#### [Try it]
Please tally the lines of the listing that hold the string "This", and reply with that total only.

#### [Record extracts]
____

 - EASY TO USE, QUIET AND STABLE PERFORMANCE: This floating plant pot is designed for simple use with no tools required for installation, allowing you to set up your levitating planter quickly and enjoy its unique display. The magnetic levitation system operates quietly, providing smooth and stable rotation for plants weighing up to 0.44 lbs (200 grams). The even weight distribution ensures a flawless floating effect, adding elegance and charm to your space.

____

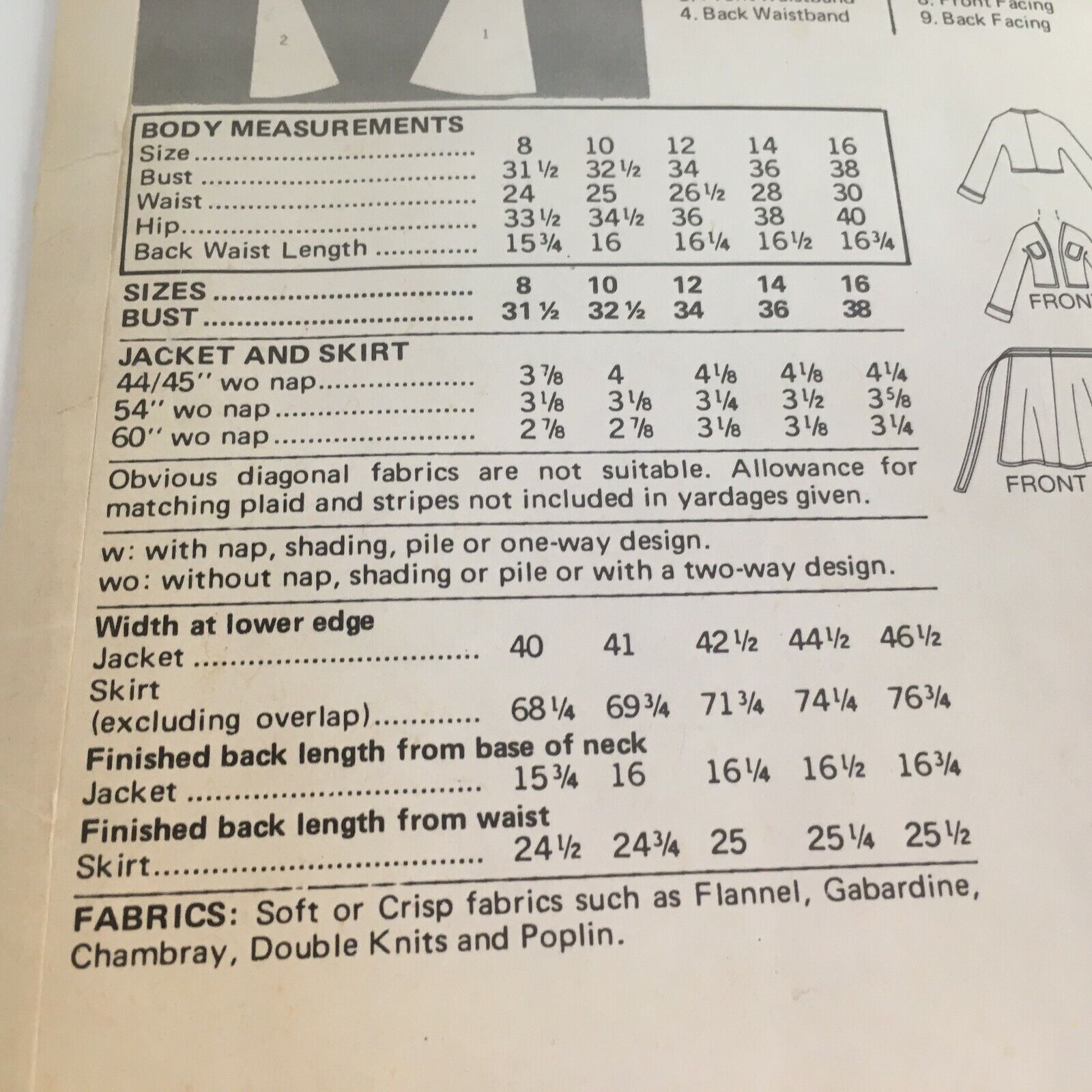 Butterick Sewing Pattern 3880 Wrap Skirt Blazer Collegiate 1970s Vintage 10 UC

____

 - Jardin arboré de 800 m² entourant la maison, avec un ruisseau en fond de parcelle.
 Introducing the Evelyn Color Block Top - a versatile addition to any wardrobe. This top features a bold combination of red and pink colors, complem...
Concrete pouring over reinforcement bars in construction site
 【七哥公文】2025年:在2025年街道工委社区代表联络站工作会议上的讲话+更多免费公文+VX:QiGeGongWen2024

____

#### [Expected answer]
2